В значении его едва ли можно ошибиться. Присяжные – это люди из того самого общества, которое правительство защищает от экспроприаторских налетов посредством военных судов и смертных казней. Хори – революционер, анархист, стоявший очень близко к экспроприаторским кругам… И тем не менее во всем эпизоде нет ни одной черты, которая бы говорила о «кровожадной свирепости» или «глубокой испорченности», невольно возникающих в воображении в связи с таким отвратительным явлением, как экспроприация, вдобавок еще частная. Для присяжных она осталась в тумане. Перед ними и перед обществом встал только образ интеллигентной девушки довольно распространенного в России типа, со знакомой издавна психологией прямолинейной готовности на борьбу и жертву. А обстановка этой смерти дала картину такого нечеловеческого страдания и атмосферу такого взаимного сочувствия, что присяжные, как мы видели, даже не колебались. Их приговор явился непосредственным откликом общественной совести. Несомненно, что Хорн помог жертве правосудия ускользнуть от виселицы. Он содействовал самоубийству… Да, но для того, чтобы устранить казнь. И присяжные, люди среднего русского типа, сказали: невиновен. Не знаю, конечно, вспоминали ли они знаменательное признание гр. Витте относительно «отсталого строя». Можно думать, что и без гр. Витте у среднего русского человека, поставляющего контингент присяжных заседателей, есть представление о связи явлений, которая в последнее время становится особенно ясной. И если даже в миазмах экспроприаторской эпидемии перед удивленным взглядом такого среднего русского обывателя встают черты душевной красоты и чувствуется психология самоотвержения, то тут есть повод задуматься о причинах этого угара… Общественная совесть не мирится, конечно, с экспроприациями. Но она не может примириться и с прямолинейным решением трудного вопроса посредством нерассуждающей «упрощенной» процедуры, в конце которой веревка и виселица…

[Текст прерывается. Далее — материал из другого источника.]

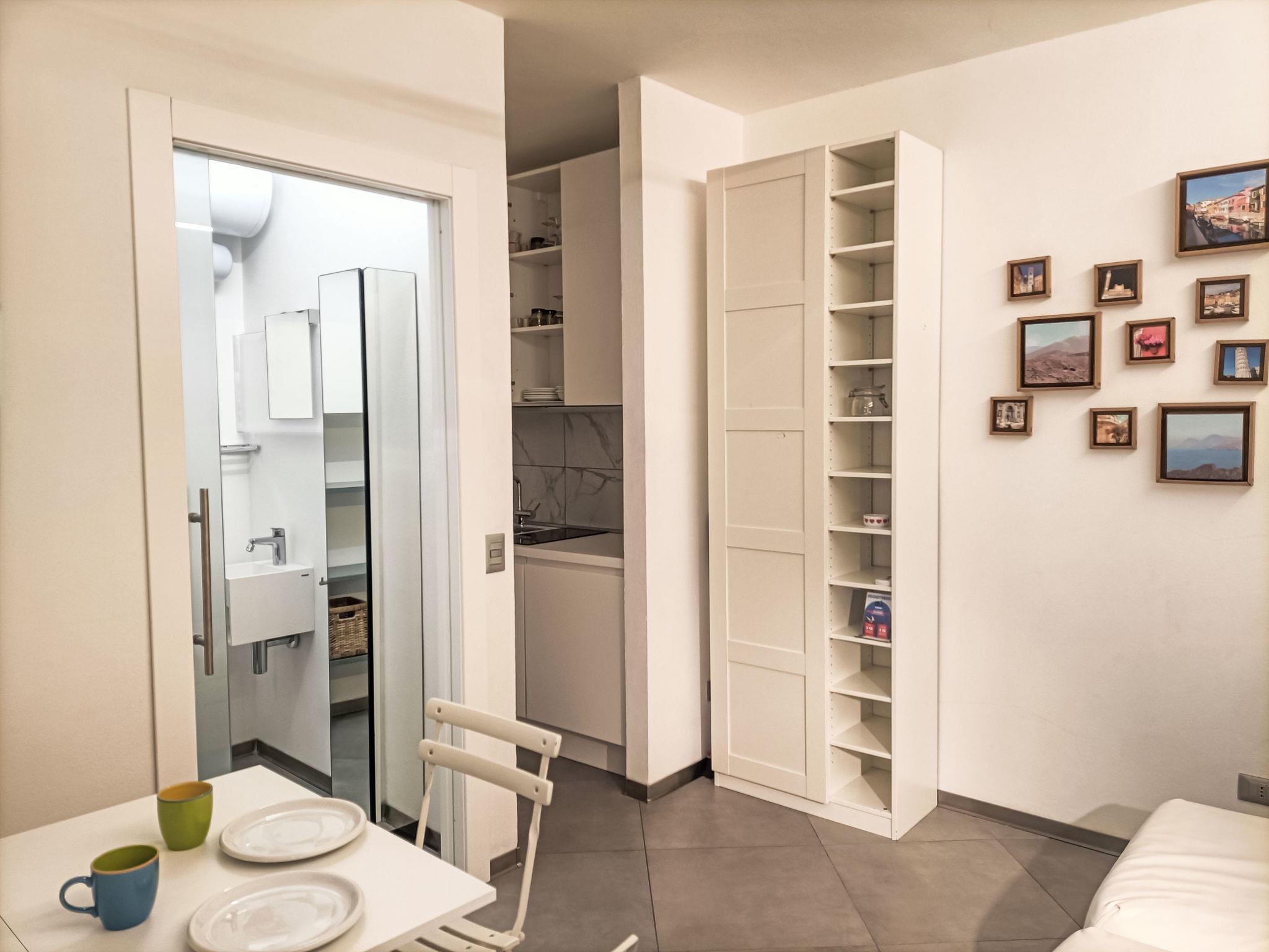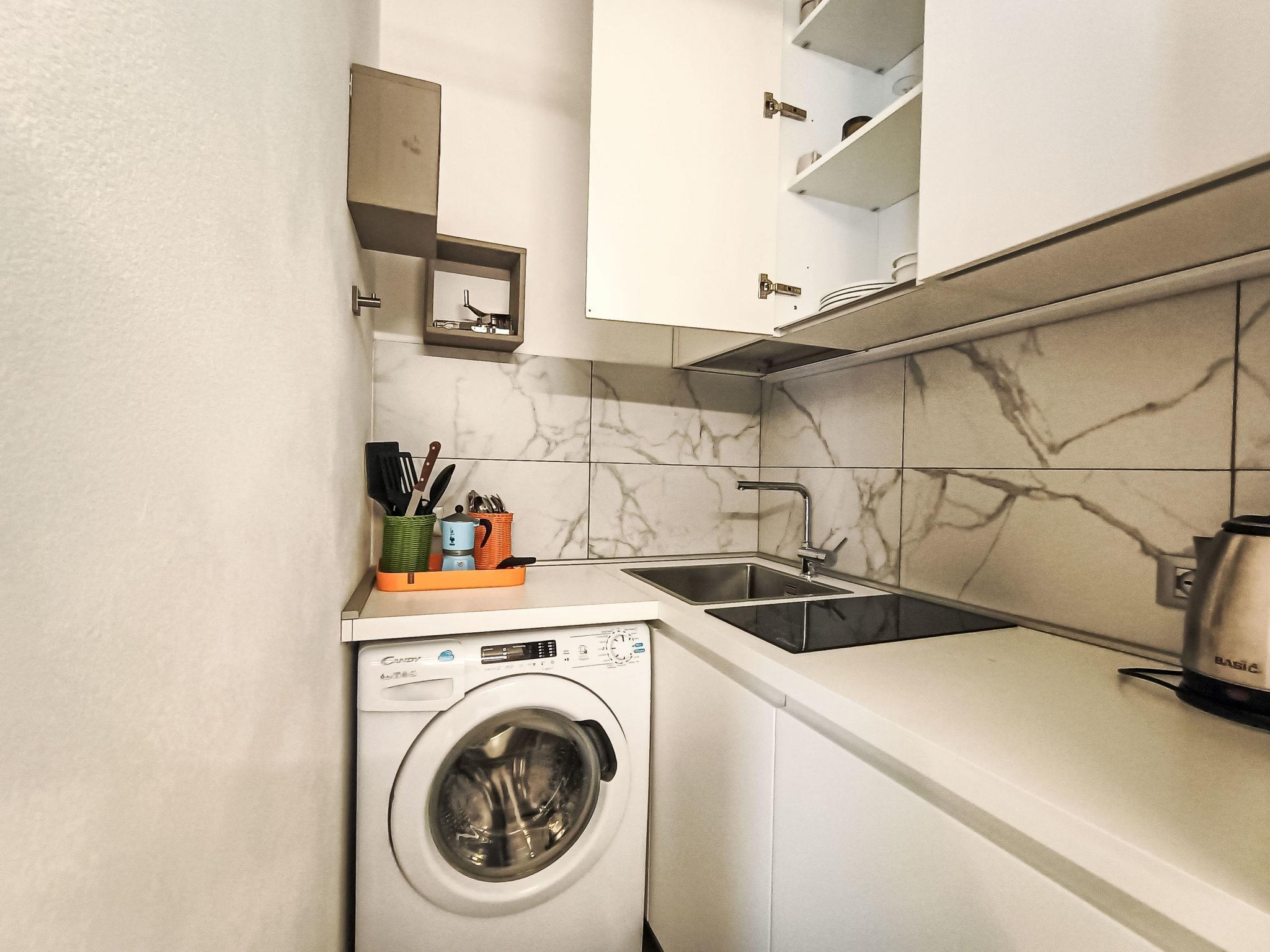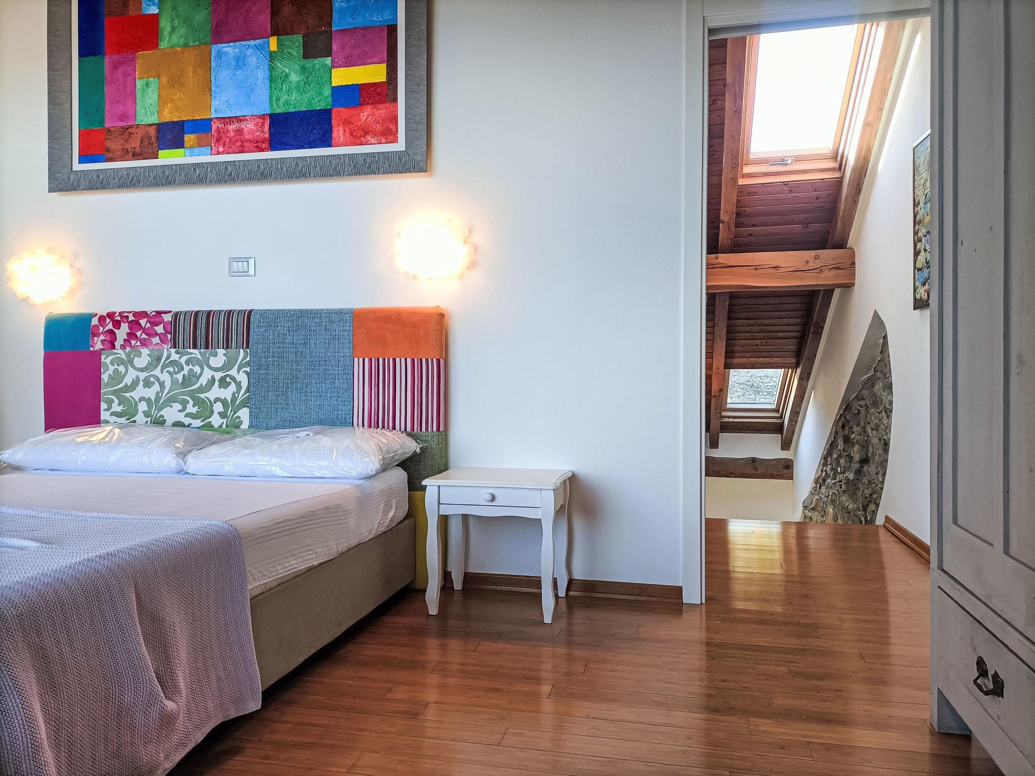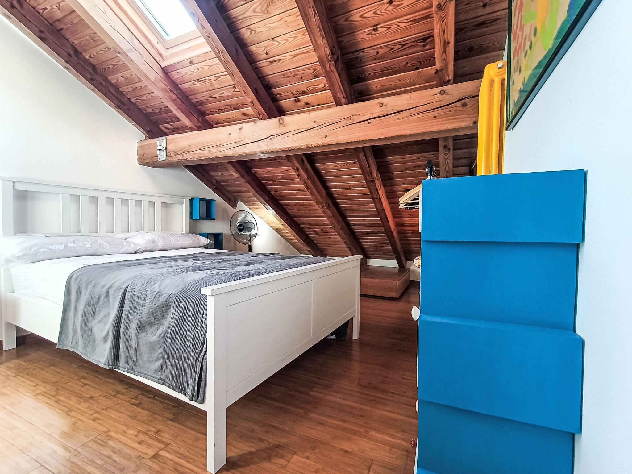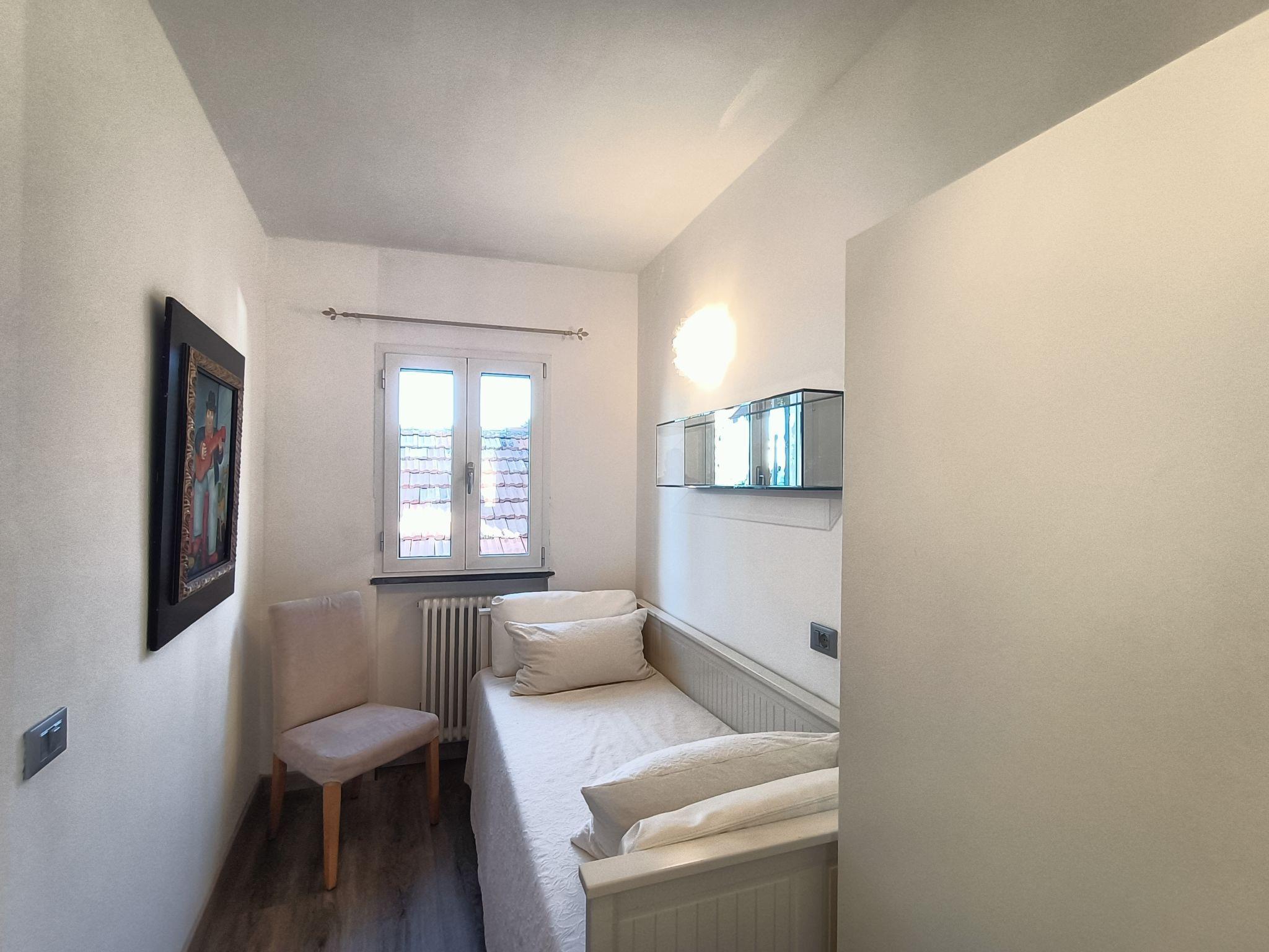 "Terrazza con glicine", 5-room terraced house 143 m2 on 3 levels, on the ground floor. Bright, modern and cosy furnishings: entrance hall. 1 room with 1 double sofabed, dining table, kitchen corner and shower/WC. Upper floor: (open staircase) living/dining room with air conditioning. 1 room with 1 bed (180 cm, length 90 cm), 1 pull-out bed. Open kitchen (Gas stove, 5 gas rings, toaster, kettle, freezer, electric coffee machine). Exit to the terrace. Shower/WC. 2nd upper floor: 1 double bedroom with sloping ceilings with 1 french bed and air conditioning. 1 double bedroom with sloping ceilings with panoramic window with 1 french bed, hand-basin and shower/WC. Exit to the terrace. 2 terraces 10 m2. Terrace furniture. Panoramic view of the sea, the mountains and the city. Facilities: washing machine, dryer, hair dryer. Internet (WiFi, free). Garage at 50 m. Please note: one double bedroom is outside the apartment. Smoke alarm, fire extinguisher, no lift. No internal connecting door between the separated properties. IT009001C2NBR5TUHX

Временная связь между экспроприациями и традициями политических партий, проявленная в бурном периоде движения, не могла удержаться долго. Она была вызвана неверной оценкой данного момента.
По существу, как длительная тактика борьбы, она противна психологии революционных партий. Антагонизм проявился сразу и с тех пор только усиливался. Случайные идейно-революционные элементы уходили из отравляющей душу полосы, экспроприация все больше приближалась к простому разбою, иногда в самых отвратительных и жестоких формах. Но для правительства и для вульгарной «благонамеренности» вообще выгодно смешивать эти явления. Репрессии против всех оппозиционных партий оправдываются существованием экспроприации. Борьба мнений, партийное самоопределение, партийные споры и сталкивающиеся внутри оппозиций программы составляют в глазах всякого политически просвещенного правительства элемент социальной рефлексии, которая уже сама по себе ослабляет дикую страстность борьбы, обращая ее от непосредственных импульсов в сферу мысли, колебаний, сомнений, изучений. Свобода мнений выставляет самые крайние из них под свежие веяния критики. Наша власть продолжает считать своим успехом и признаком своей силы то обстоятельство, что ей удалось загнать работу оппозиционной мысли и воли в душные подполья, оставив на поверхности жизни одно только властное предписание, один только голос «организованного беспорядка» и стихийную анархию об руку с разбоем…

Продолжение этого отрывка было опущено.